なるべく早急に改善しようと決意しながら味気ない食事を終える。


 そのまま地下の工房に向かう前に隣室の様子を窺ってみるが、どうやらサンチョはまだ寝ているようで起きだしてくる様子もない。

 そのことに少しイラッときたレオンではあるが、起きてこられて顔を合わす方が面倒なことに気付き、別にいいかと切り替えて地下へと向かった。


 

 工房とは名ばかりの地下室についたレオンは備えつけの棚に近づくとインベントリのギフトを発動、自分の横に直径30センチほどの黒い円を創りだす。

 まるで宙に浮くお盆のようなそれは、上向きに穴の空いた異空間への通り道だ。


(当たり前のように使っていたけどこの能力も一度きちんと調べないとな)


 調合に必要な素材を手にとっては穴の中に放り込みながらレオンはそんなことを考える。

 子供のレオンはそういうモノとしてなんの疑問もなくこのギフトを使っていたのだが、現代日本人としては色々と詳しく調べる必要性を感じる。


 キャパシティや、異空間の中の保存環境、異空間への通り道……時空の窓の発現時間など詳しい性能を知っておきたいし、それによって使い勝手も変わってくる。

 場合によっては新しい使い方も思いつくかもしれない。


 色々考えている間に必要な素材を収納できたので、思考を中断してインベントリを閉じると部屋の真ん中に置かれた調合鍋へと向かう。


 こちらも大層な名前がついているがただの大きな土鍋みたいなもので特殊な機能などは特にない。

 レオンは錬金鍋の前まで来ると再度インベントリを開いてから自分の全身に魔力を行き渡らせる。

 そうして身体強化を発動するとインベントリの中から水がめを抱え上げるようにして取り出し、プルプルと震えながらなんとか錬金鍋の横に置く。 


(自衛を考えるとこの身体強化についても検証、訓練が必要だよな)


 しなければならないことがどんどん山積みになっていく気がするが、一つずつ片付けていくしかないと自分に言い聞かせたレオンはひとまずは調合に集中することにする。


 なんとか水がめを設置して一息つくと靴を脱ぎ、錬金鍋の前に敷かれた厚手の布、作業スペースの上に移動する。

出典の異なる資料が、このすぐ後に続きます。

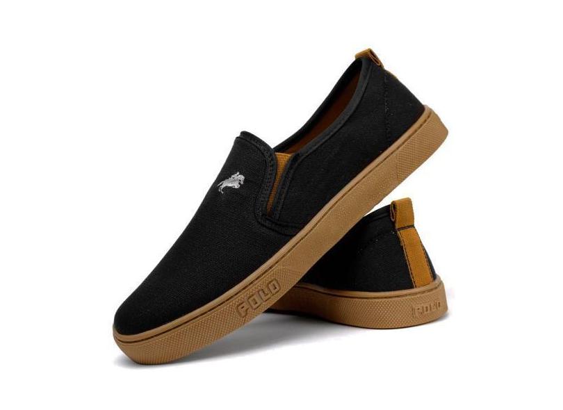 Tênis Polo White Casual Masculino Preto com Elástico - Casualstock, Pr

 そしてインベントリの中から柄杓を取り出すと水がめの蓋を開け、中の水をすくい上げる。それを柄杓の中に引かれた線で丁寧に量ってから錬金鍋に移し替えて行く。


 この水は街のそばにある森で汲んできた湧き水だ。

 理想はダンジョン内の水源から汲んだ水なのだが、そうそう調合士が汲みに行けるわけではないので一般的には他の水で代用されている。

 その水がポーションの原料として適しているかどうかは調合士なら魔力を通してみれば感覚でわかるので、各地の調合士達はそれぞれの場所でポーション作りに適した水源を見つけてそれを使っているのだ。

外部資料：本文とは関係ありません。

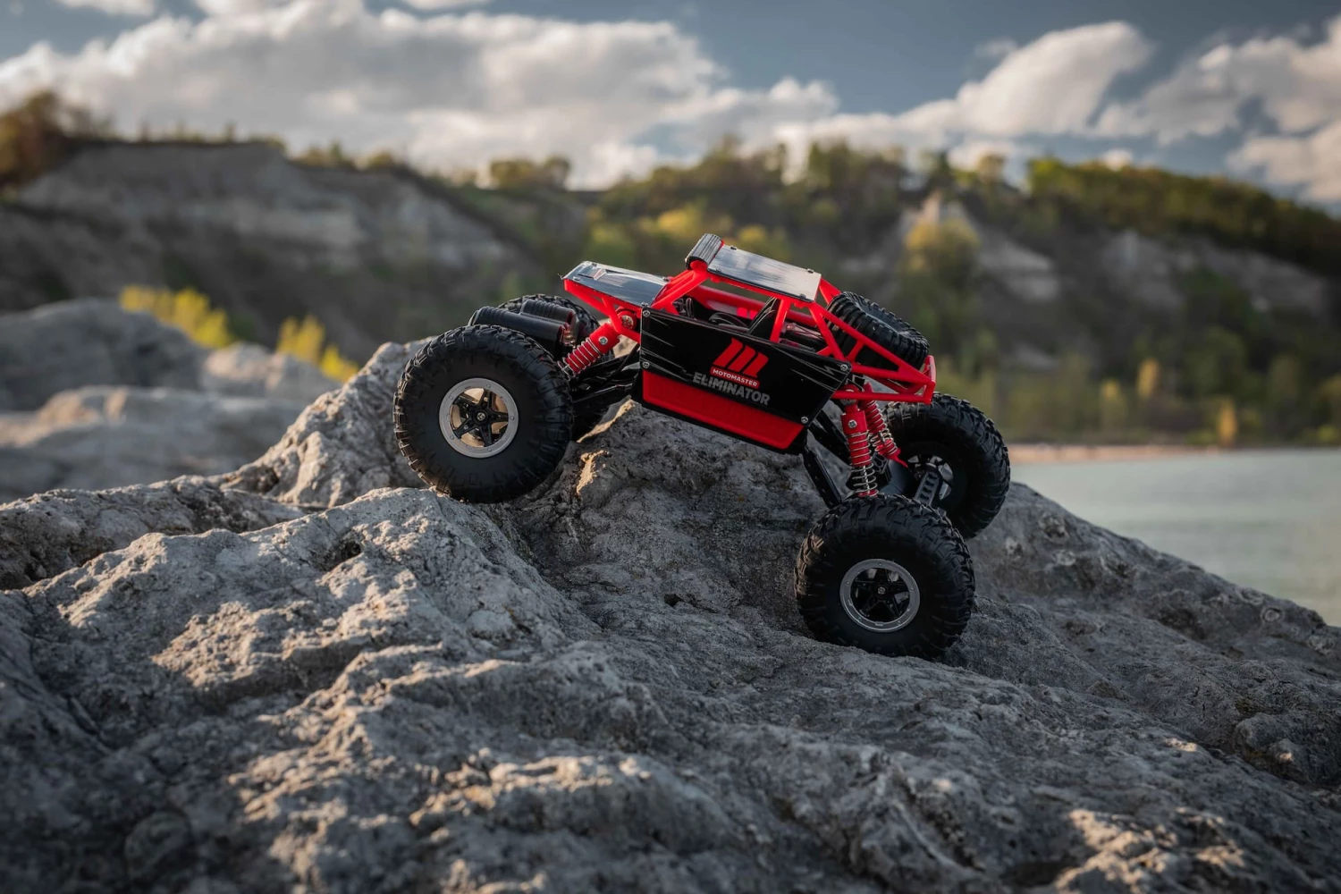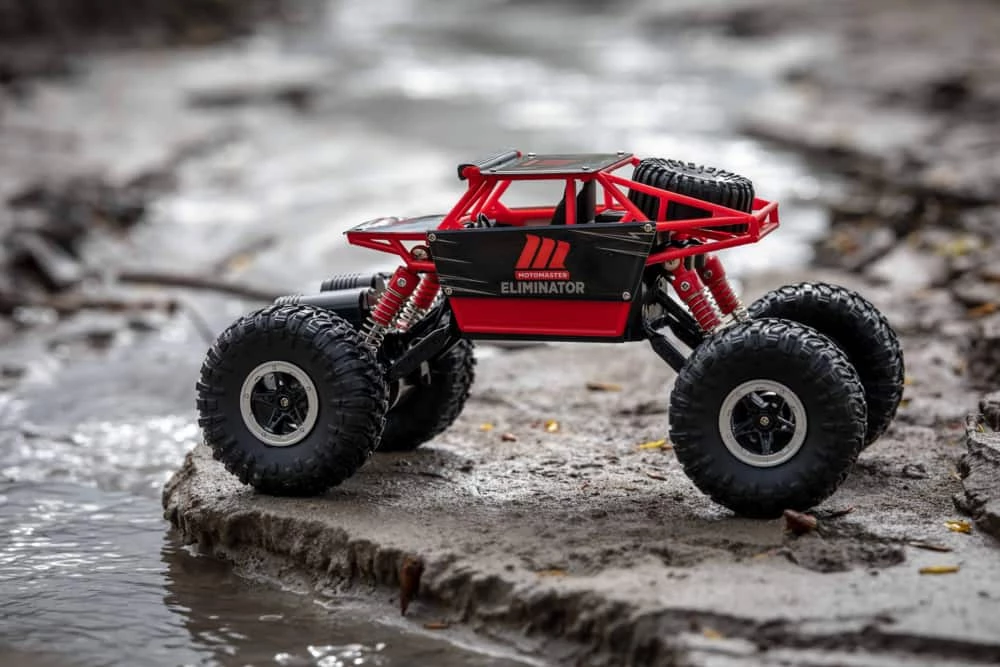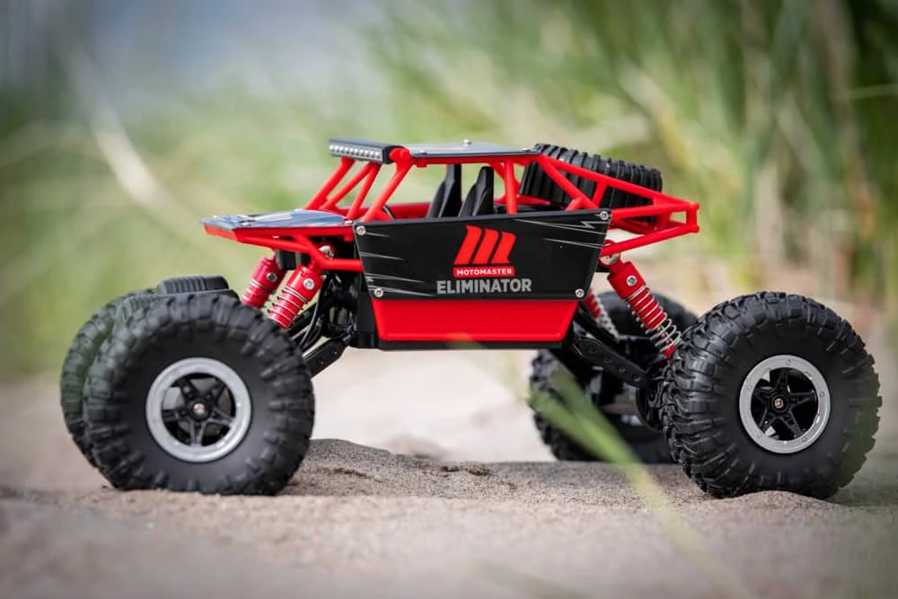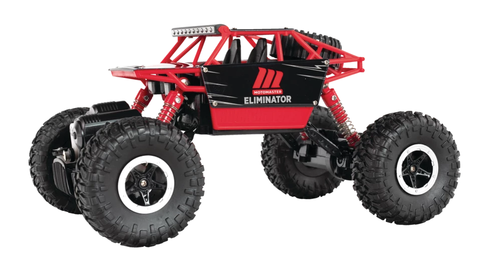 - MotoMaster Eliminator Rock Racer features oversized wheels with a high travel suspension to easily navigate through rough terrain

 レオンの母、ルシアの場合も街の近くの森にある水源を使っていた。

 レオンの住むプレージオの街周辺は魔物も少なく遭遇したしても十分逃げ切れる程度のものしかいないので危険もほとんどない。そのためインベントリのギフトを持つレオン自身もよく同行していた。

 また水質も比較的いい方なので環境としては比較的恵まれている。



 水を移し終えると今度はインベントリから透明な直径2センチほどの球体、魔石を取り出す。

 これは魔物……というよりはこの世界において魔力扱える生物の体内にある、魔力の発生器官のようなもので人間の体内にも存在する。


 今レオンが扱っているのはその中でも下から2番目の9等級のもので、出来上がるポーション品質も9等級となる。

 この魔石の品質が上がるとポーションの品質も上がるのだがレオンが扱っている素材で作れるのは7等級のものまでである。


 もっとも魔石は品質が上がるごとに値段も跳ね上がっていくので、需要のあるポーションはほとんどが10~8等級、稀に重症の治療に必要とされるのが7等級。

 それ以上は貴族や富裕層以外には手が出ない。そのため仮にレオンが作れたとしてもこんな地方都市では調合する機会もまずないだろう。 


 ちなみにこのポーションの等級とは調合に使われる魔石に合わせて格付けされただけのものであり、実際に調合で作られている最高品質は4等級まで、そのレシピも一部の調合士の秘伝とされている。

 それ以上の効果を持つポーションも迷宮の出土品としては発見されているのだが、貴重品であるために効果の比較などが難しく正確な格付けはされていないことが多い。

 そのため発見者や買い取った所有者が勝手に一級品などと呼んで売りに出しているのが実情である。

 そんな自称一級品でも欲しがる人はいくらでもいるので、万が一にでも手に入ったらトーレス家の借金なんかは簡単に完済できるのだが……



 魔石を10個ほど取り出したレオンは両手ですくう様にしてそれを持つと、調合鍋の上までもっていき調合のギフトを発動。

 レオンの両手からあふれ出した魔力はゆっくりと魔石の中へと浸透していく。

 そのまましばらく魔力を操り、完全に魔石全体へと自分の魔力が浸透したことを感覚で確認する。

 そして今度はすくう様に合わせていた両手をゆっくり開いていく。

 すると魔石はそのまま重力に身をゆだね落ちて……行くことはなく、そのまま空中にとどまり続ける。


 それを確認したレオンは、魔力を操作して魔石を水面ギリギリまで近づけると、今度は魔石の中身を絞り出すようなイメージで、魔石の中の魔力を水の中に移動させていく。

 すると透明な魔石が徐々に濁りはじめ、それにともなって水は輝きはじめる。

 そして完全に魔石の中の魔力が抜けきると、魔石はボロボロと崩れ落ち、水はひときわ大きな輝きを発する。


 その光が完全に収まると魔石は完全に消滅し、柔らかな光を微かに発する液体が調合鍋に残されていた。


 調合の第一段階、魔法水の完成である。